*Exercise directions*. Copy down the listing below exactly. Do not include pictures.

*Given data*.
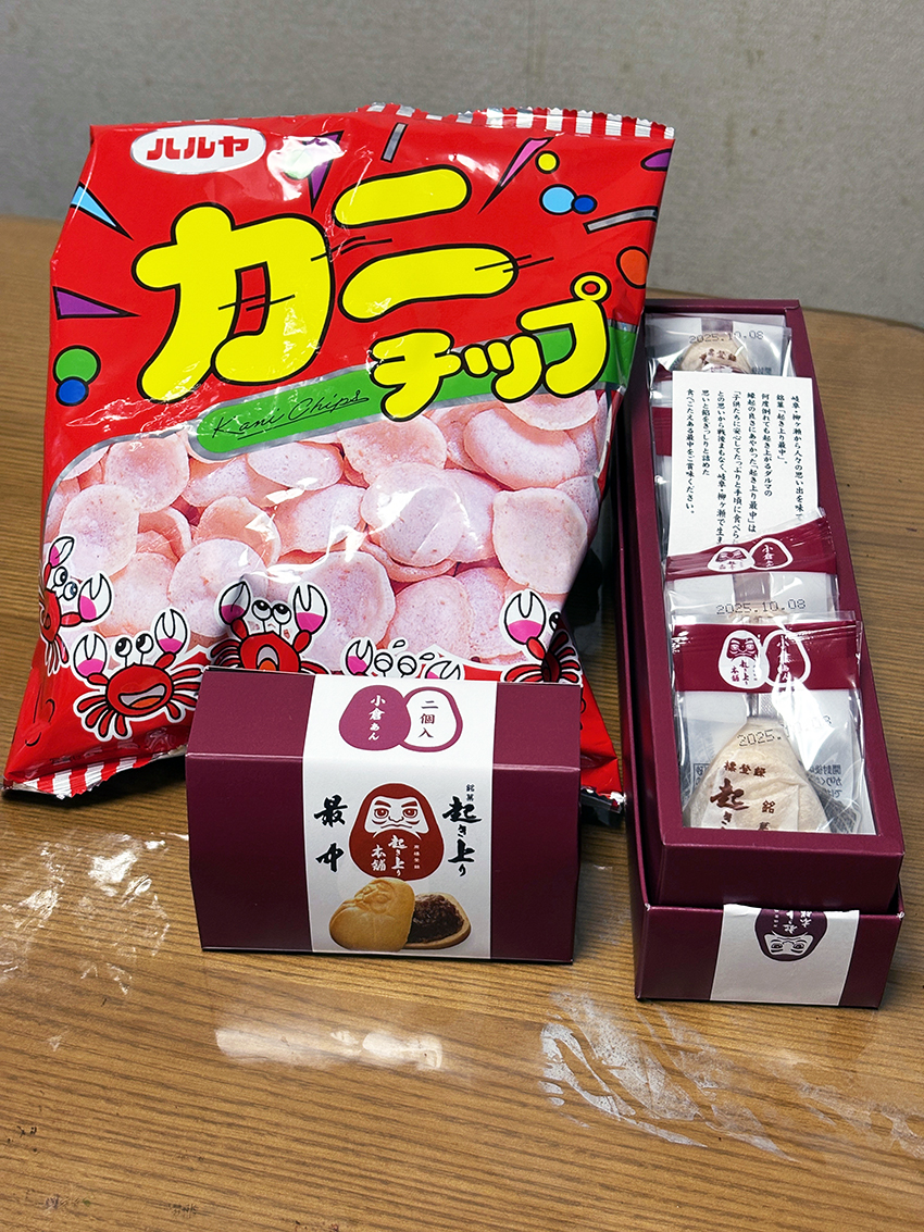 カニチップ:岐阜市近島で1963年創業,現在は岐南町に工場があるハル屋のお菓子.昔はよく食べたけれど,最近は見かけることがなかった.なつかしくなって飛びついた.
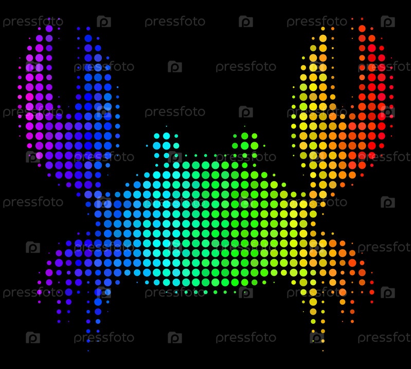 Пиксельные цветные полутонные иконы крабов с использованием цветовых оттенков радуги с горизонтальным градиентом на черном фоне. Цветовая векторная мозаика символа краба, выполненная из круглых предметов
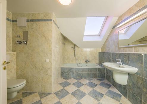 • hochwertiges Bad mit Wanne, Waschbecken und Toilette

*Task output*.
 カニチップ:岐阜市近島で1963年創業,現在は岐南町に工場があるハル屋のお菓子.昔はよく食べたけれど,最近は見かけることがなかった.なつかしくなって飛びついた.
 Пиксельные цветные полутонные иконы крабов с использованием цветовых оттенков радуги с горизонтальным градиентом на черном фоне. Цветовая векторная мозаика символа краба, выполненная из круглых предметов
 • hochwertiges Bad mit Wanne, Waschbecken und Toilette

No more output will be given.